═══ Data to use
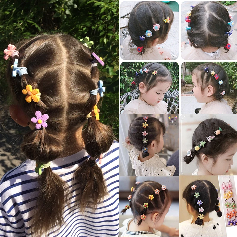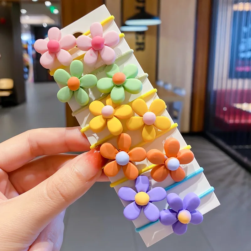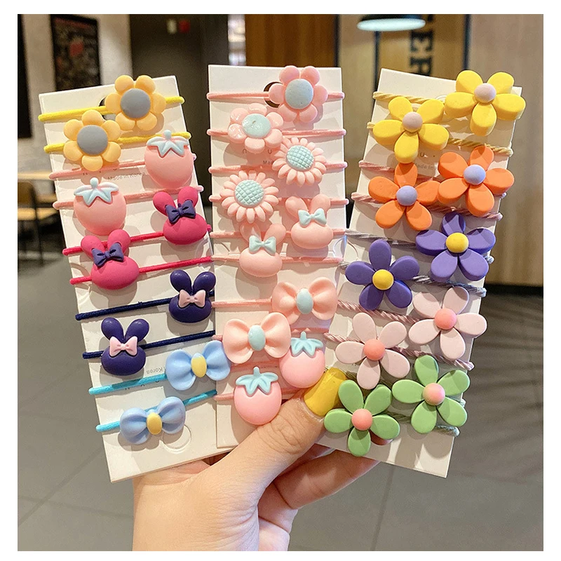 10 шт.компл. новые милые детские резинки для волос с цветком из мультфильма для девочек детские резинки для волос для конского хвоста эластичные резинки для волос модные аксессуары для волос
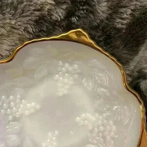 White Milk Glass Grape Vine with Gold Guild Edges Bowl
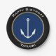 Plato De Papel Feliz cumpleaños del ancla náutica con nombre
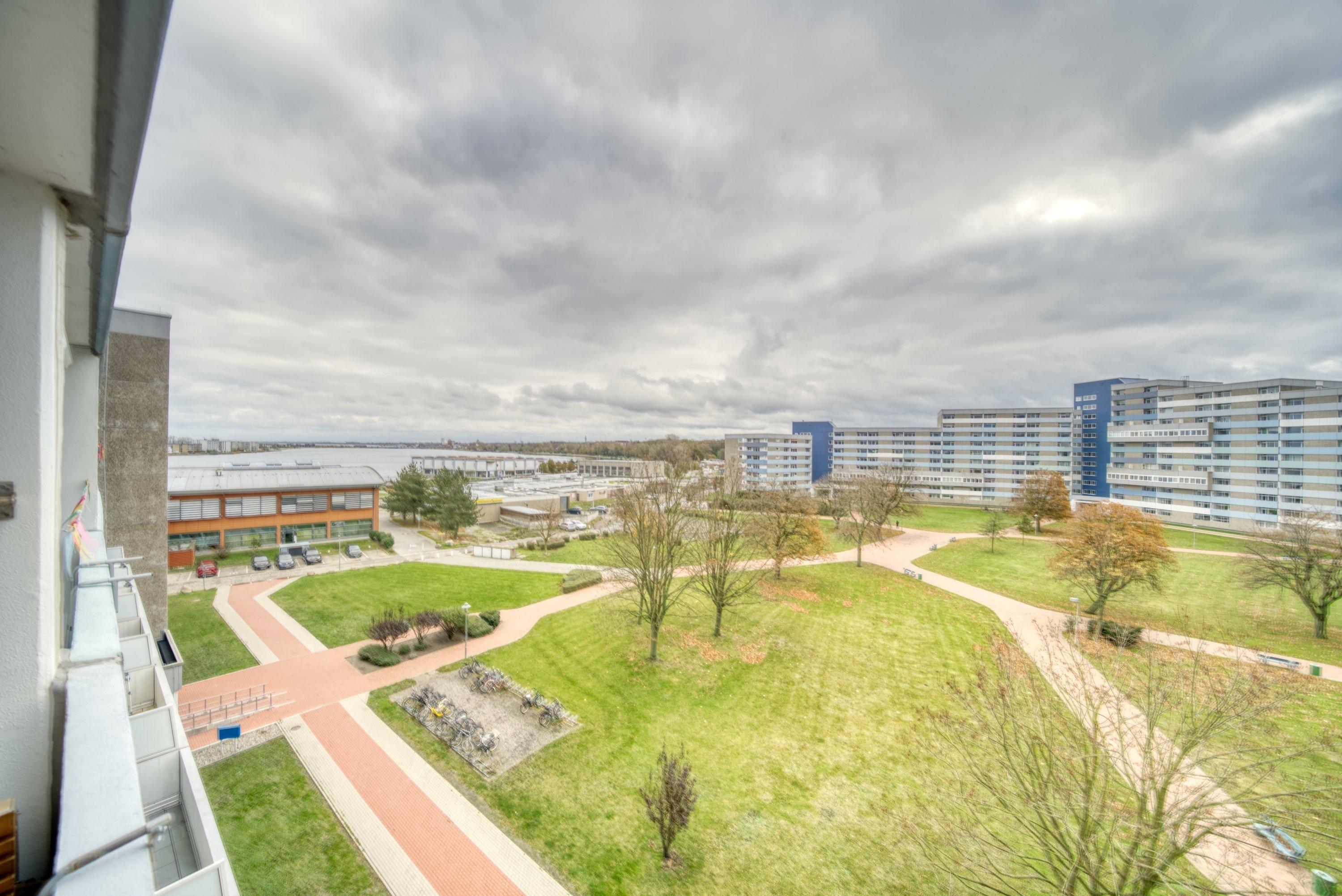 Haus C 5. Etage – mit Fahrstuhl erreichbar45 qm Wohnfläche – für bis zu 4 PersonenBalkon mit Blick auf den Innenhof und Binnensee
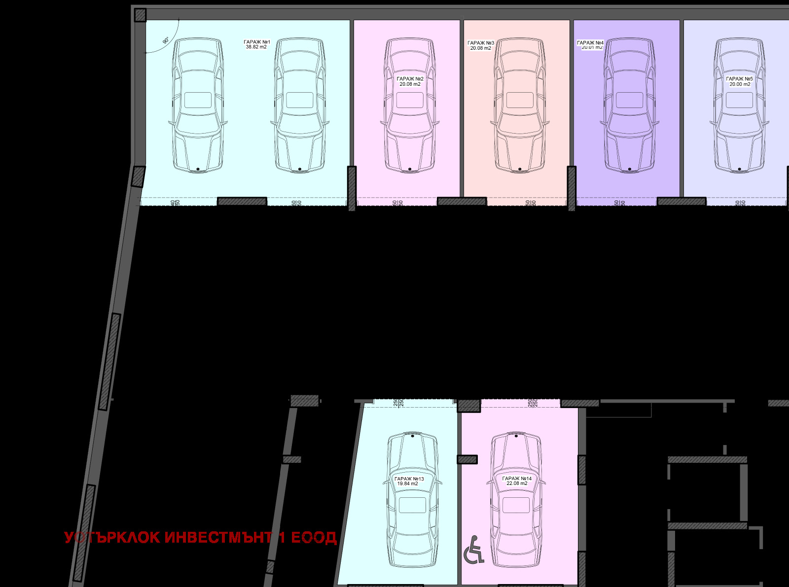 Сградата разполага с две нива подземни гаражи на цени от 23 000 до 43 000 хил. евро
══════
═══ Data to use
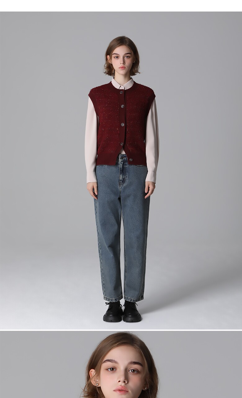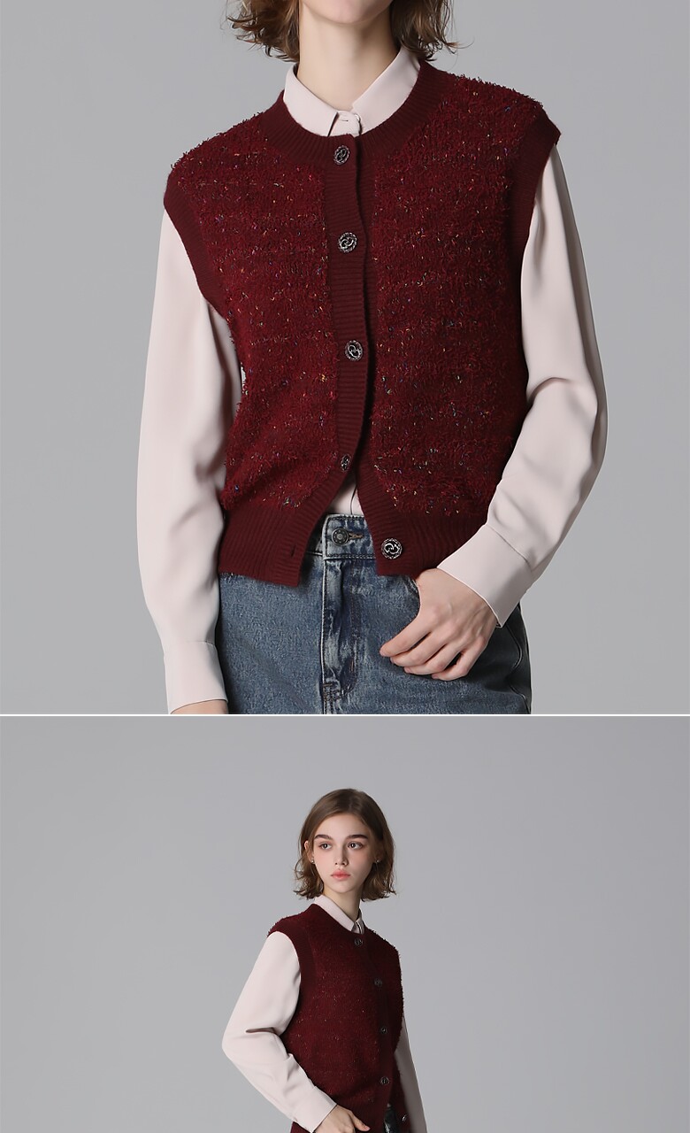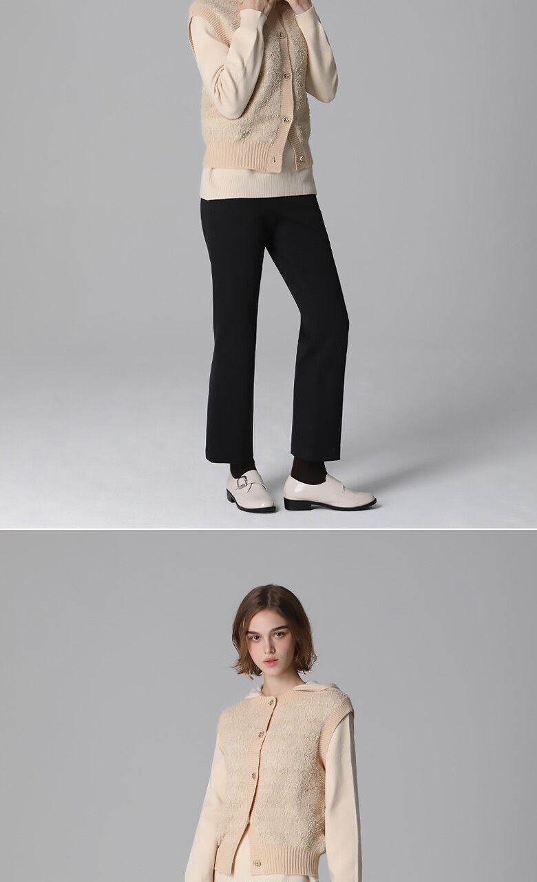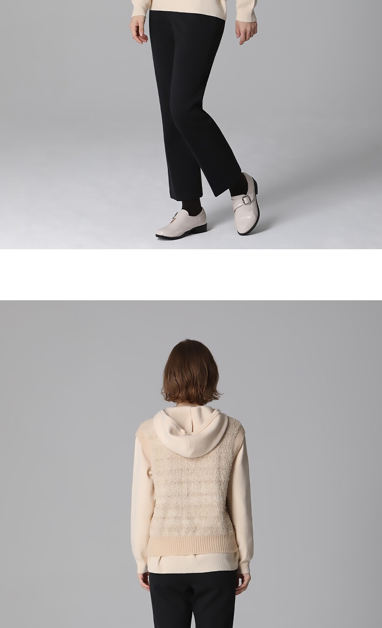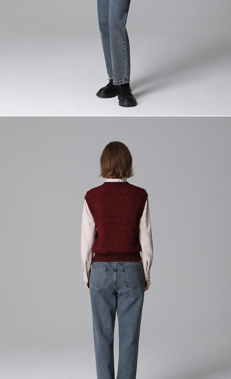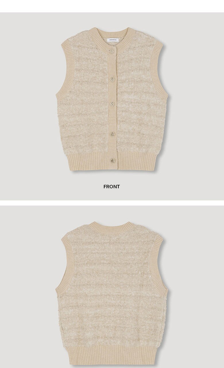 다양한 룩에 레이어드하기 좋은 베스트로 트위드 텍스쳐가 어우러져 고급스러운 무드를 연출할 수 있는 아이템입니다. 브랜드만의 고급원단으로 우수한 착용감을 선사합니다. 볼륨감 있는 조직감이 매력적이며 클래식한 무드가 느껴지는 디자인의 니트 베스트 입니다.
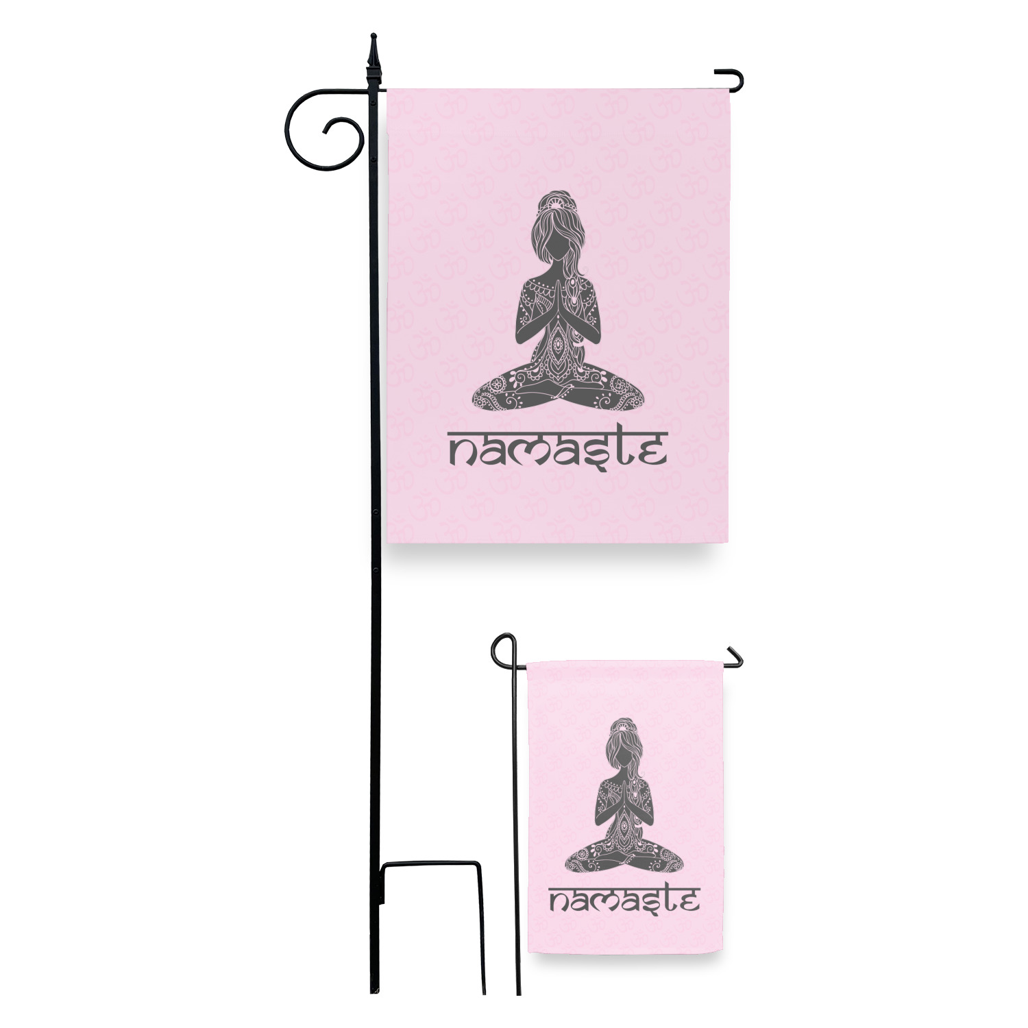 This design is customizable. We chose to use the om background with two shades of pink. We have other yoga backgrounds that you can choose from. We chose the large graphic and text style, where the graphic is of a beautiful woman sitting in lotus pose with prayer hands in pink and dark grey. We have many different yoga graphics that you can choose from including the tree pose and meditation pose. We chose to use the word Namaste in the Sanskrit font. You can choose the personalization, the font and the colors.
══════
### What is needed
What you write out is the stretch of entries from the line containing "Haus C 5. Etage" to the line containing "Сградата разполага с", word for word, with both end lines and no pictures.

### Response to the task
 Haus C 5. Etage – mit Fahrstuhl erreichbar45 qm Wohnfläche – für bis zu 4 PersonenBalkon mit Blick auf den Innenhof und Binnensee
 Сградата разполага с две нива подземни гаражи на цени от 23 000 до 43 000 хил. евро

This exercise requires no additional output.